I started this on 8/15/2014.
So I was chatting with my brother yesterday on the phone. Catching up and seeing how each of us are doing…it’s been a couple days or so. I was talking about working out. Naturally and what else is new? We were discussing eating fast food. I told him that on weeks when I have a good weigh in, I always think, I’m going to have a bacon cheeseburger today! On weeks when the scale isn’t my friend or it’s been a crappy week, i.e. last week, I think, screw it I’m going to eat _______ and not care. I think yesterday I mentioned Taco Bell. I’m going to have Taco Bell and instead I drive right by. I have every intention of eating whatever it is I’ve said, but 99% of the time I drive right by and head home. I actually cannot tell you the last time I ate Taco Bell. And it’s probably been at least a month since I’ve had a bacon cheeseburger. He said “I’m sure if you did eat that stuff it would make you sick.” I told him about the time a month or so ago how I just had to eat this pizza we had at home. Almost immediately I regretted eating it because I felt ill. I’ve never been a big fan of pizza anyway, but for some reason that day it sounded good. I was wrong. The thing I told him was that I have to rethink my thinking and not look at food as an event. It’s not meant to be special. It’s meant to keep you alive. Sure you have birthdays, anniversaries, date night, whatever where you go out to dinner, but I’m talking about everyday eating. Breakfast, lunch, and dinner. Food is meant to keep you alive. Eat enough to give you the energy and nutrients you need to live a healthy life. Eat to live not live to eat.
The sooner we take away the power from food, the better our lives will be. I went to an event on Friday that I feel was life changing. I’ll write about it and the weekend in a later post. There were things said about walking in faith and not feelings that really hit home to me. I’m definitely a feelings girl. Especially where food was concerned. Happy, sad, mad, depressed, whatever…food was there. Like I stated earlier, Â In going on this journey I have really realized that I have to change my mindset where food is concerned in my life. I have to remove the power I have given it and completely rethink everything. It really is only meant to keep you going. It’s not supposed to be this special thing all the time. Listening to the people on Friday talk about their addictions and how they overcame them was eye opening. I won’t say I’m a food addict because then you are making that your identity. (Something I learned from Nicole.) I had an unhealthy relationship and now I’m making it healthy.
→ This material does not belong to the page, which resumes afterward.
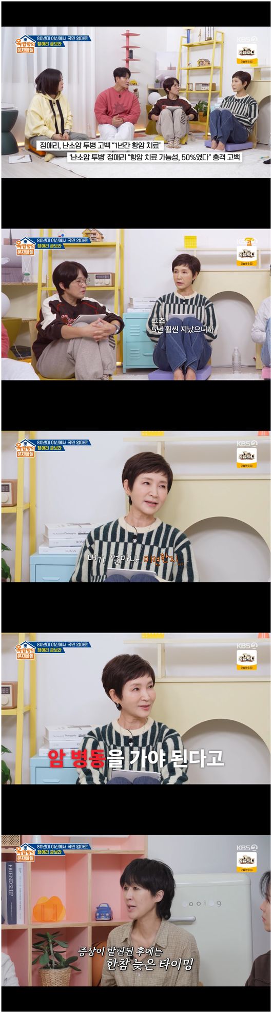 ‘옥탑방의 문제아들’ 배우 정애리가 난소암 투병 중 홍진경의 투병을 보며 많은 걸 배웠다고 밝혔다.

Sure I might mess up from time to time. Guess what? I’m human and humans make mistakes all the time. Am I going to let it ruin what I have going for me? Nope. Am I going to let it derail me from the progress I have yet to make? No way. I’m not looking at food as the enemy anymore. It’s a substance to keep me going. Plain and simple. Yes I’ll have some good stuff when it’s time for a celebration, but if you think about it, the healthy food is the really good stuff. (okay, that and my mom’s cheesy potatoes. Ha!)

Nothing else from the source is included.